На каждый призыв бояр — спасать ли Москву, спасать ли Россию, — Ванька бросался, не раздумывая. Правда, после походов он то полатей не досчитается, то крыши на избе. А когда однажды спросил про награду за то, что страну от французов спас, барин предложил: хочешь, выпорю? Ванька от такой награды отказался, а тут как раз и новое дело подоспело — Европу спасать. Спас Ванька Европу, вернулся домой инвалидом без ноги. И видит — избы его нет, на жене сосед воду возит, а детишки от голода умерли. Хотел было тут Ванька голову почесать , но головы-то у него и не оказалось.
В городе Мямлине жил нерешительный бездельник Микешка. Жил в нищете, но ничего не делал. Даже не мылся, не чесался, от того весь грязью зарос. Единственное, что умел Микешка — жаловаться Господу, мол, вон, как я плохо живу. А как нажалуется, ложится спать и мечтает — вот как бы Нечистую силу от себя прогнать, да в баню сходить. И тут пришел солдат, прогнал Нечистую силу, да еще и миллион Микешке дал, чтоб помылся. Но Микешка ни к какому делу кроме жалоб приучен не был, поэтому накупил себе одежды, надел ее на грязное тело, да пошел кутить. Месяц кутил, а потом ему скучно стало. И стал он Нечистую силу добром вспоминать, мол, при ней лучше было. И, наконец, придумал Микешка, чем себя занять, начал снова жаловаться — что мне миллион, вот как бы миллиард, вот тут я бы развернулся…

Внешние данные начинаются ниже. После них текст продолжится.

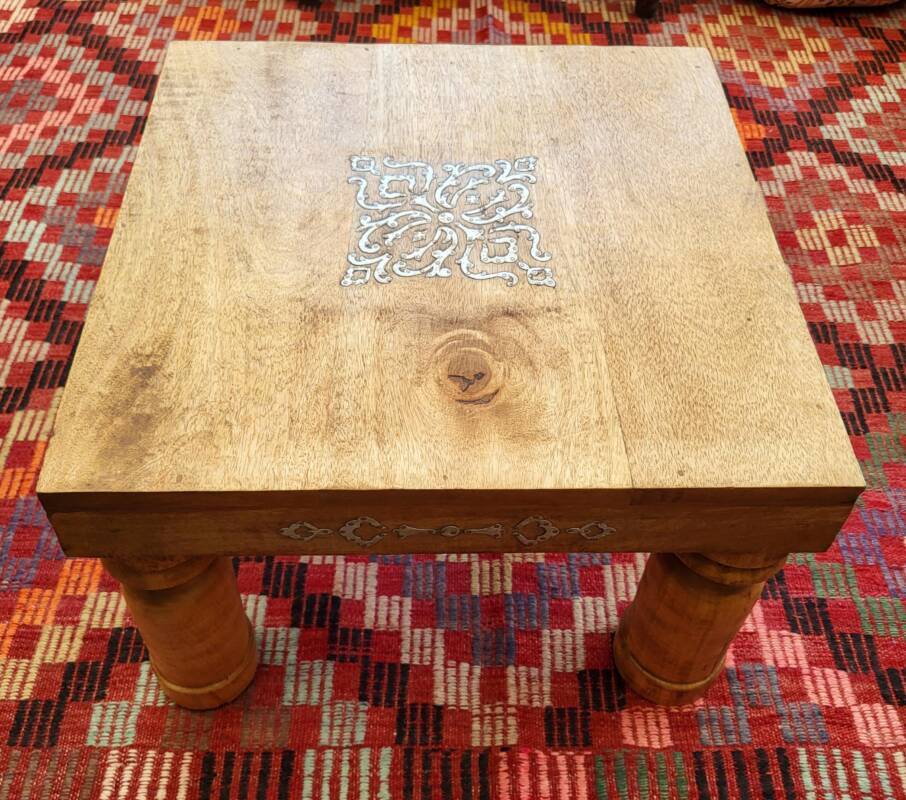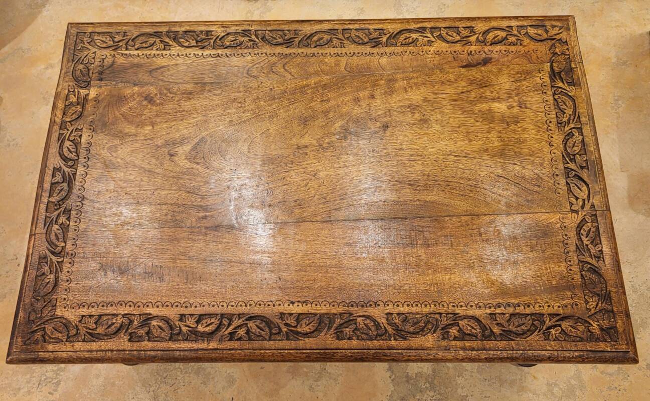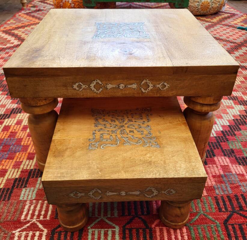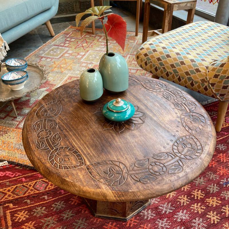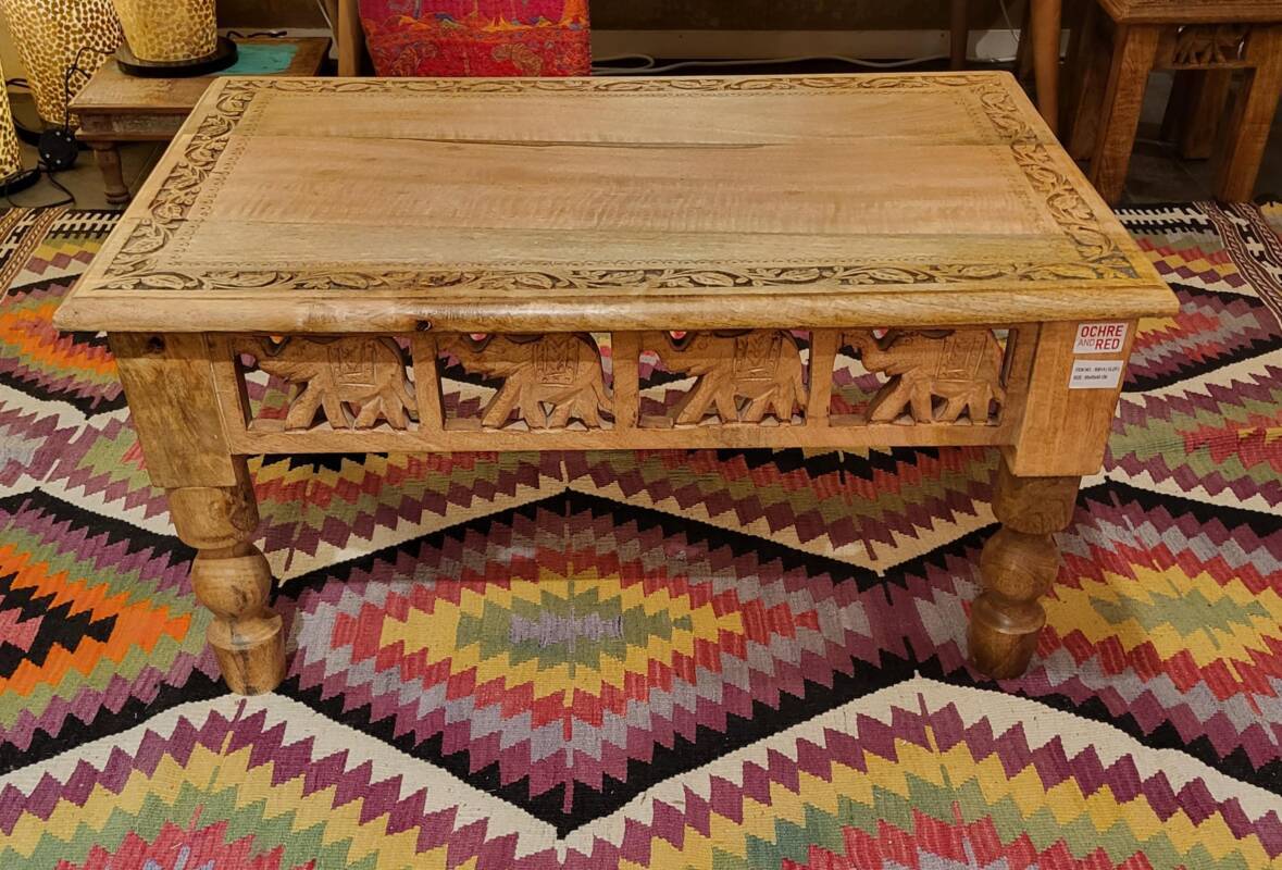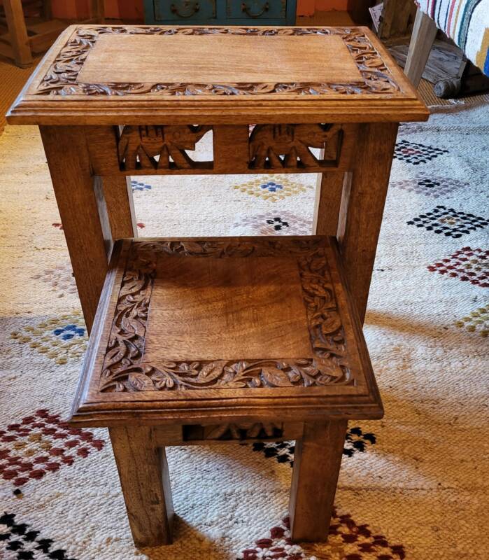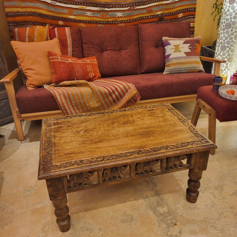 Deze bijzondere handgesneden/gegraveerde bijzettafels en salontafels, zijn tevens vervaardigd uit duurzaam mangohout. Dit hardhout wordt gebruikt wanneer de snel groeiende mangoboom geen vruchten meer draagt, zo krijgt het resthout een mooie andere bestemming en wordt er ruimte gemaakt voor nieuwe aanplant. Het heeft een rustiek uiterlijk, welke zich makkelijk laat combineren met ieder interieur. Bij de afwerking van het hout is gekozen voor een matte naturel of een antique finish, sommige uitvoeringen zijn in beiden kleurstellingen verkrijgbaar.

Матрёна на всю жизнь работала на дядю, на его родственников и друзей. Работала и молчала. А дядя все хвастался: «Вон, какая Матрёна у меня, что хочу с ней, то и делаю. Примерное животное, покорное, как лошадь». Другие люди её на словах вроде бы жалели, но на деле тоже продолжали истязать. Только в восхищении приговаривали: «Тебя, говорят, даже аршином измерить невозможно, до чего ты велика! И умом, говорят, не понять тебя. В тебя, говорят, только верить можно!» А Матрёна все терпела, да про себя надеялась, вдруг ей нормальный мужик попадется в мужья. Уж она бы его любила. И тут посватался к ней Кузнец, но он ей не нравился — грубый, грязный, она другого ждала. Отказала ему Матрёна. И тут пришел другой, освободил ее, обещал уму-разуму научить. Матрёна оторопела от такой перспективы, но тут, откуда ни возьмись, опять появился Кузнец и говорит: Это же я тебя спас, да? И Матрена согласилась. Она всегда со всем соглашалась. И стал Кузнец ее мужем, и стал бить ее пуще дяди. А Матрёне оставалось только плакать по ночам… И жалко ее, да сама виновата…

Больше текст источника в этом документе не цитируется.